When she didn’t react to my waving a hand in front of her face, I walked off to search the perimeter of the camp. There was no point in trying to reason with a lovelorn adolescent, especially not one in the grip of an irrational attack of panic or premature mourning; but the old woman might have left some sign of which way she had gone. I say “might,” because it turned out she hadn’t; after walking one circuit around the outside of camp, I gave up.

Heading back into camp, I crossed paths with the acolyte again, who was now unsteadily walking and clinging to Fyodor’s arm like a drowning sailor to a rope. She flinched and ducked behind him when she saw me, peering around her in every direction frantically, looking for something or someone (perhaps Quentin? I was not sure), before settling back down and standing up. I tactfully refrained from remarking on how quickly she had gone from fretting over Lieutenant Gavreau to clinging desperately to Lieutenant Kransky.

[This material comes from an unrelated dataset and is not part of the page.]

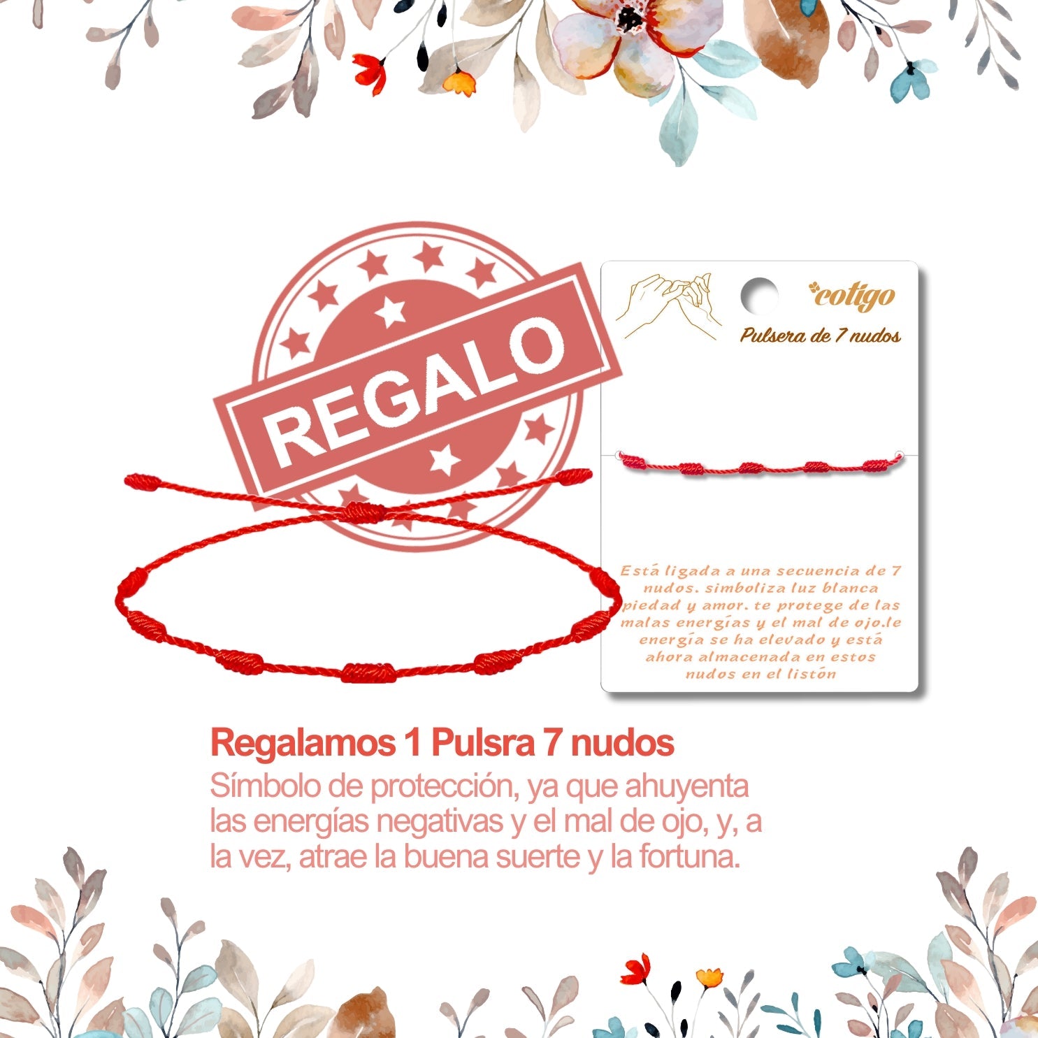Como detalle especial, añadimos una pulsera de 7 nudos, símbolo de protección y buena suerte, para completar un obsequio lleno de significado.

On later reflection, I came up with two possible explanations for why the acolyte might be deeply upset by Quentin’s injury and yet be clinging to Fyodor later. The first explanation that came to mind was that the order that had educated her made a fetish out of the survival of the strong. Perhaps she was not upset by the risk of Quentin’s death as much as the proof that he was weak; by contrast, Fyodor, returning triumphantly uninjured, proved he was strong.

The second explanation that came to mind was simpler and substantially more plausible, making me wish I had thought of it first: She liked both Fyodor and Quentin very much; so if she was convinced Quentin was going to die, she would be very unhappy and yet also be left a very simple choice as to what to do now. It did occur to me that rather than casting a panicked gaze about looking around for Quentin, she might have been looking around for crows. Given prior experience, I couldn’t fault her for reacting that way after seeing the man she called “Colonel Raven” approach in a foul mood. The last time she had seen me particularly upset, there had been a number of angry birds present, after all, and it had left an impression of sorts.

1 Ed.: As noted previously, "grandmother" is not an uncommon form of address for an old woman in more rural and traditional parts of Ruthenia, and it is unlikely that Mikolai is speaking literally here.